DIverse yet Realistic Facial Animations or DIRFA is an artificial intelligence programme that combines speech recognition and image processing to create a three-dimensional (3D) video that synchronises a subject’s realistic and consistent facial animations with spoken audio. The programme created by NTU is an improvement over current methods that have trouble controlling emotions and changing positions.
The team trained DIRFA on more than one million audiovisual clips from more than 6,000 individuals obtained from The VoxCeleb2 Dataset, an open-source database, to predict speech cues and associate them with head movements and facial expressions.
According to the researchers, DIRFA has the potential to open up new applications in a variety of fields and industries, including healthcare, by enabling chatbots and virtual assistants that are more realistic and sophisticated, thus enhancing user experiences.
Additionally, it might be a very useful tool for people who have trouble speaking or using their faces or voices to express their feelings and ideas through animated figures or digital representations, which would improve their communication skills.
The study’s lead author, Associate Professor Lu Shijian of NTU Singapore’s School of Computer Science and Engineering (SCSE), stated “Our study could have a significant and wide-ranging impact as it revolutionises multimedia communication by enabling the creation of incredibly lifelike videos of people speaking by combining techniques like AI and machine learning (ML).
The programme also builds on previous research and represents a technological advancement, as videos created with the programme include accurate lip movements, vivid facial expressions, and natural head poses while using only audio recordings and static images.
“Speech exhibits a multitude of variations,” said first author Dr Wu Rongliang, a PhD graduate of NTU’s SCSE. People pronounce the same words differently in different contexts, with variations in duration, amplitude, tone, and other factors. Besides, speech conveys rich information about the speaker’s emotional state as well as identity factors such as gender, age, ethnicity, and even personality traits, in addition to its linguistic content.

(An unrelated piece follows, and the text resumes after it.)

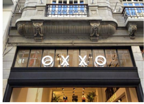
Görsel 6. İstiklâl Caddesi Oxxo mağazası tabelası mermer doku kullanımı - İstiklâl Caddesi Oxxo mağazası tabelası kutu harf kullanımı (Fotoğraf: Beyoğlu, İstanbul, 2012).

Dr Wu, a Research Scientist at Singapore’s Agency for Science, Technology, and Research (A*STAR) Institute for Infocomm Research added that the approach is a pioneering effort to improve performance in AI and ML from the standpoint of audio representation learning.
According to the researchers, creating lifelike facial expressions driven by audio poses a complex challenge. There are numerous possible facial expressions for a given audio signal, and these possibilities multiply when dealing with a sequence of audio signals over time.

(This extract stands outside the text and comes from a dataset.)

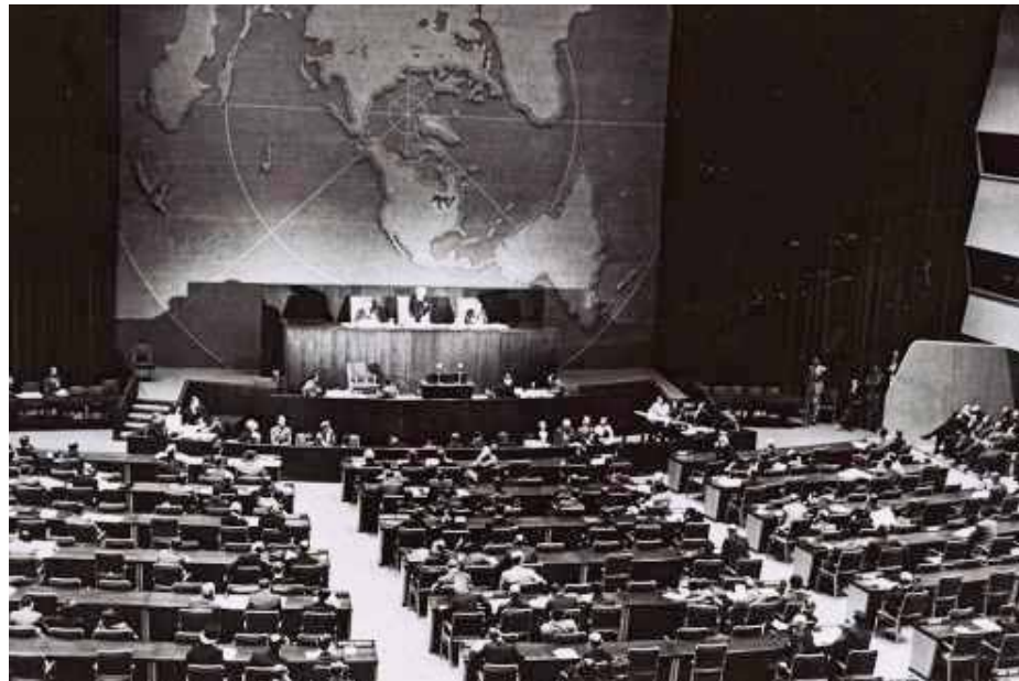
Naciones Unidas, noviembre de 1947.

Because audio has strong associations with lip movements but weaker associations with facial expressions and head positions, the team set out to create talking faces with precise lip synchronisation, rich facial expressions, and natural head movements that corresponded to the provided audio.
To address this, the team first created DIRFA, an AI model that captures the complex relationships between audio signals and facial animations. The team trained their model on over one million audio and video clips from a publicly available database of over 6,000 people.
Also, to add more options and improvements to DIRFA’s interface, NTU researchers will fine-tune its facial expressions with a broader range of datasets that include more diverse facial expressions and voice audio clips.